Demétrios desviou os olhos daquele olhar que implorava uma resposta e saiu da cozinha. Ouviram os seus passos na escadaria da torre, para o topo da qual ele gostava de se retirar para observar as estrelas e prestar atenção à sua linguagem. Mas naquele fim de noite, porque a alvorada iria em breve aparecer, o médico desviou o olhar do céu para olhar para a cidade adormecida. Sabia que Florença já não queria saber de Fiora Beltrami, mas não tinha coragem de lho dizer...
CAPÍTULO XI
«ANTES DE EU ALCANÇAR A MARGEM DESEJADA...»
O rumor, partido do rio onde os marinheiros se afadigavam, correu pelas ruas e praças, atingiu primeiro a milícia que tinham chamado de imediato, o Bargello e a Senhoria e depois o resto da cidade, como se fosse um tição lançado para uma meda de palha: um pescador tirara do Arno o corpo de Pietro Pazzi, apunhalado entre as duas espáduas...
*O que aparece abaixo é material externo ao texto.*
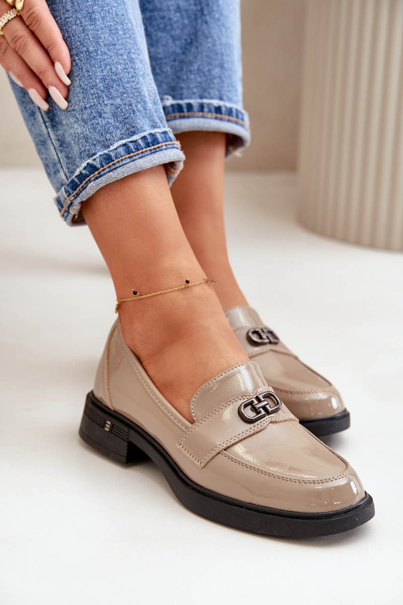 Lakované dámske mokasíny z prírodnej kože khaki Vinceza 58409
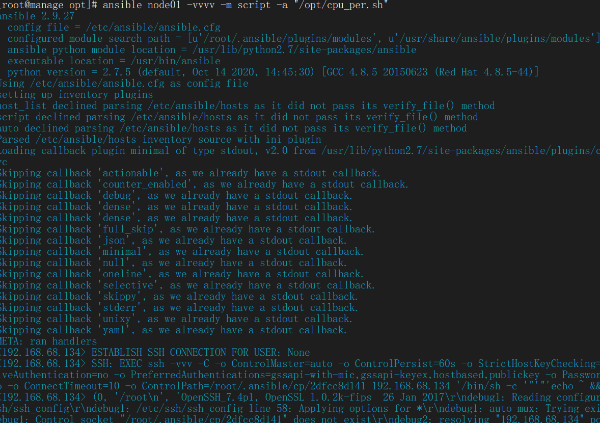 ansible node01 -vvvv -m script -a "/opt/cpu_per.sh"
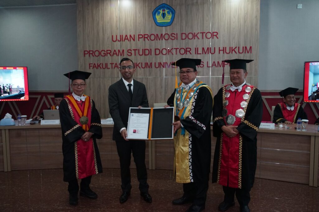 (Unila): Fakultas Hukum (FH) Universitas Lampung (Unila) kembali meluluskan seorang doktor. Artha Ario Putranto resmi meraih gelar doktor setelah dinyatakan lulus dalam Sidang Terbuka Promosi Doktor Program Studi Doktor Ilmu Hukum Unila, Senin, 11 Agustus 2025.
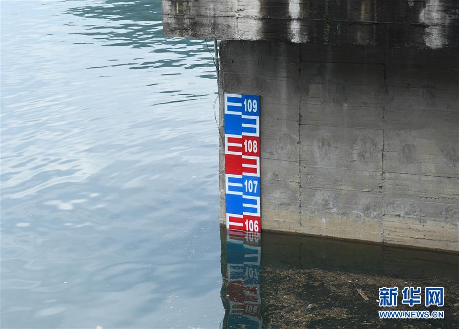 7月6日拍攝的新安江水庫的水位標(biāo)尺。受連續(xù)強(qiáng)降雨影響,位于浙江建德的新安江水庫水位持續(xù)上漲。據(jù)浙江省水利廳發(fā)布的數(shù)據(jù),截至7月6日14時,水庫水位上漲至106.54米,超汛限水位0.04米,且仍在上漲中。為確保水庫防洪安全、合理利用水資源,新安江水庫預(yù)計(jì)于7月7日開啟泄洪閘泄洪。新華社記者翁忻旸攝
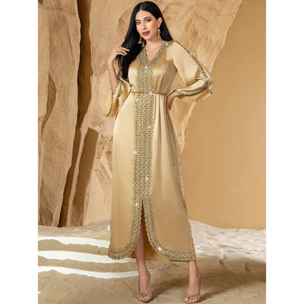 Crafted with flowing lightweight fabric, this abaya-inspired dress offers a modest yet fashion-forward silhouette that moves with grace. The soft, breathable texture ensures all-day comfort, while the subtle golden undertones add a touch of luxury and refinement to your wardrobe.
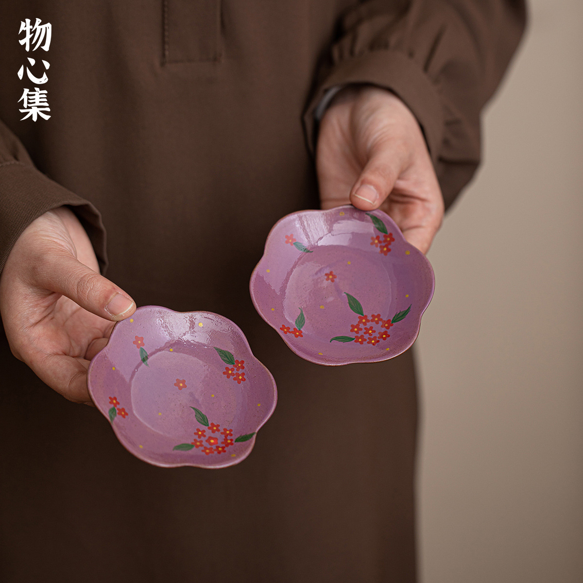 Wuxinji Yunxia 紫釉手描きの小さな赤い花レースコースターカンフーティーセットティーカップベース断熱パッド
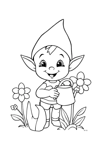Browse all 21 Fantasy pagesUnleash imagination with this adorable fantasy coloring page! It features a cheerful, cute cartoon baby elf with big friendly eyes, a pointy hat, and a bright smile, gently watering an oversized, whimsical flower using a tiny, star-shaped watering can. Designed with simple, bold lines, this easy-to-color illustration is perfect for young kids who love magical creatures and enchanting scenes.
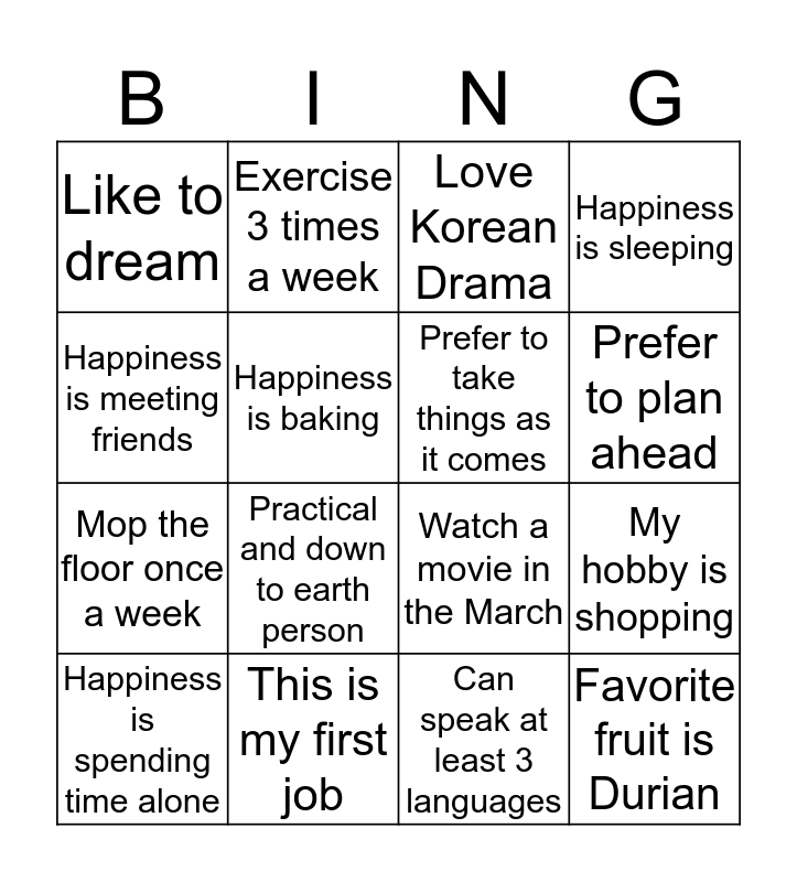 This bingo card has 16 words: This is my first job, My hobby is shopping, Love Korean Drama, Like to dream, Mop the floor once a week, Exercise 3 times a week, Watch a movie in the March, Can speak at least 3 languages, Happiness is meeting friends, Happiness is baking, Happiness is spending time alone, Happiness is sleeping, Practical and down to earth person, Prefer to plan ahead, Prefer to take things as it comes and Favorite fruit is Durian.

Esteban, que tinha ido às compras ao Mercato Vecchio como sempre fazia três vezes por semana, ouviu-o enquanto comprava queijo, voltou a ouvi-lo na vendedeira de criação e ficou com as orelhas cheias quando chegou ao balcão do talhante, mas com variantes, porque a festa do «diz-se» estava lançada. Cada um pretendia saber mais do que o seu vizinho e as versões mais fantásticas começavam a circular...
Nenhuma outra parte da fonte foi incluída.